Lol.!!! THATS HILARIOUS.!!
Replace all rubber lines and olives on the steel lines “to & from” the filter.
Does your on/off valve under the tank leak.?? ANYWHERE IT LEAKS can suck air..
It’s also possible that the inner workings aren’t tight inside the pump and bleeding back.


----------



## thepumpguysc (Jan 25, 2015)

When it races just before it shuts off is absolutely normal.. don’t give it a second thought.
The only thing u need to do is open the double screw by the name plate and crank the engine.. fuel should squirt a city block w NO AIR.. and tighten..
Now loosen all the steel lines AT THE INJECTORS & crank the engine until fuel squirts out there WITH NO AIR & tighten.. 
Do ALL THIS W THE THROTTLE AT FULL SPEED..and the shut off in the run position..


----------



## ramdino (Jun 5, 2021)

Hacke said:


> I do not know what can go wrong, perhaps the "rich mixture" and sputtering comes from this. I hope user Thepumpguy reads this and can help.
> 
> You get air in the system, check the filter/s first.
> 
> ...


Much appreciated, blessings.


----------



## ramdino (Jun 5, 2021)

thepumpguysc said:


> When it races just before it shuts off is absolutely normal.. don’t give it a second thought.
> The only thing u need to do is open the double screw by the name plate and crank the engine.. fuel should squirt a city block w NO AIR.. and tighten..
> Now loosen all the steel lines AT THE INJECTORS & crank the engine until fuel squirts out there WITH NO AIR & tighten..
> Do ALL THIS W THE THROTTLE AT FULL SPEED..and the shut off in the run position..

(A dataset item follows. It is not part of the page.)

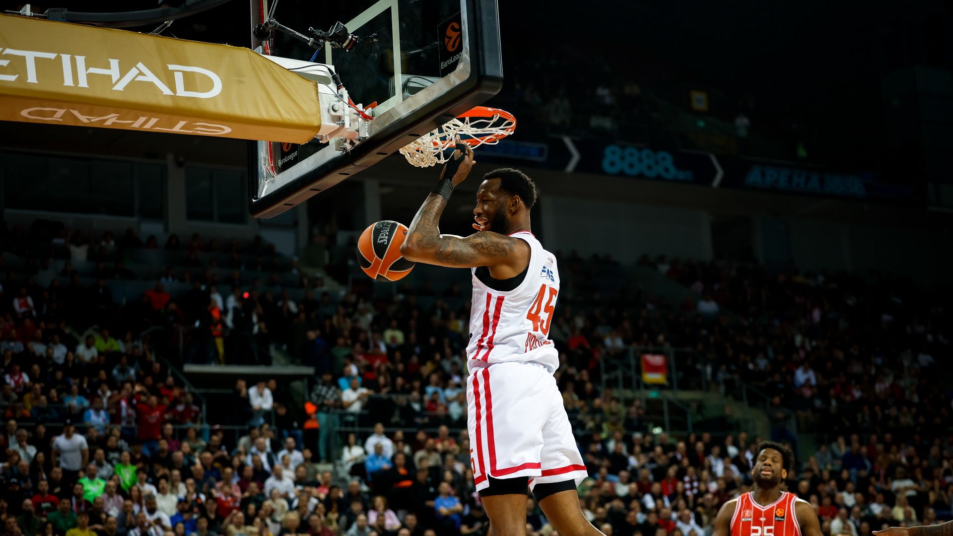 Αρχικά στο νο8, όταν και δέχτηκε την άλει ουπ πάσα του Τάισον Γουόρντ και κάρφωσε εντυπωσιακά στο καλάθι της Χάποελ.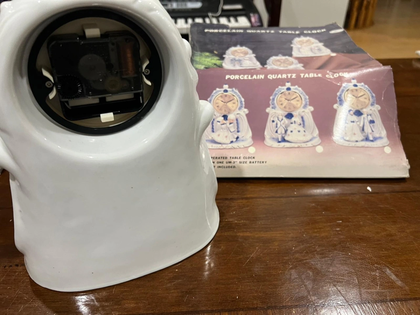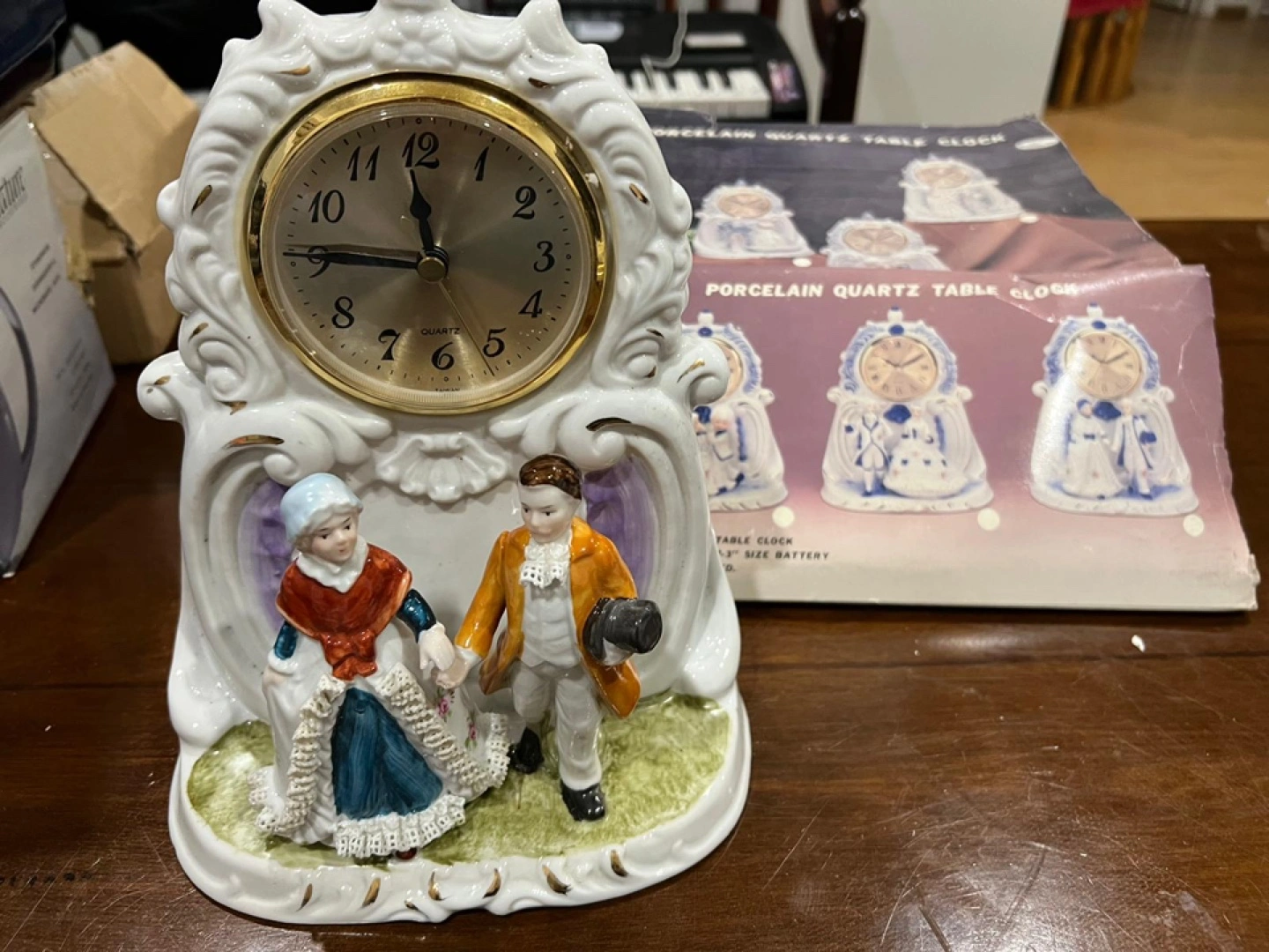 Ornate porcelain clock featuring a quartz movement. Features a charming couple figurine base. Gold accents. Comes with original box.

Ok tks, I've done that several times amd it will crank but runs sometimes for an hour or more and then sometimes for 15 min,typically after it has already been running and shut down. Would the hot engine have anything to do with the shorter time. Water pump is circulating coolant.


----------



## thepumpguysc (Jan 25, 2015)

It sounding more and more like “floaters” in the fuel tank.??


----------



## ramdino (Jun 5, 2021)

That might be a point. The screen that is attached to the valve threaded up through the bottom is unattached. It might be rusted amd occasionally drifts over the place where it was attached and causes fuel starvation although I don't see how that would allow air in the system.


----------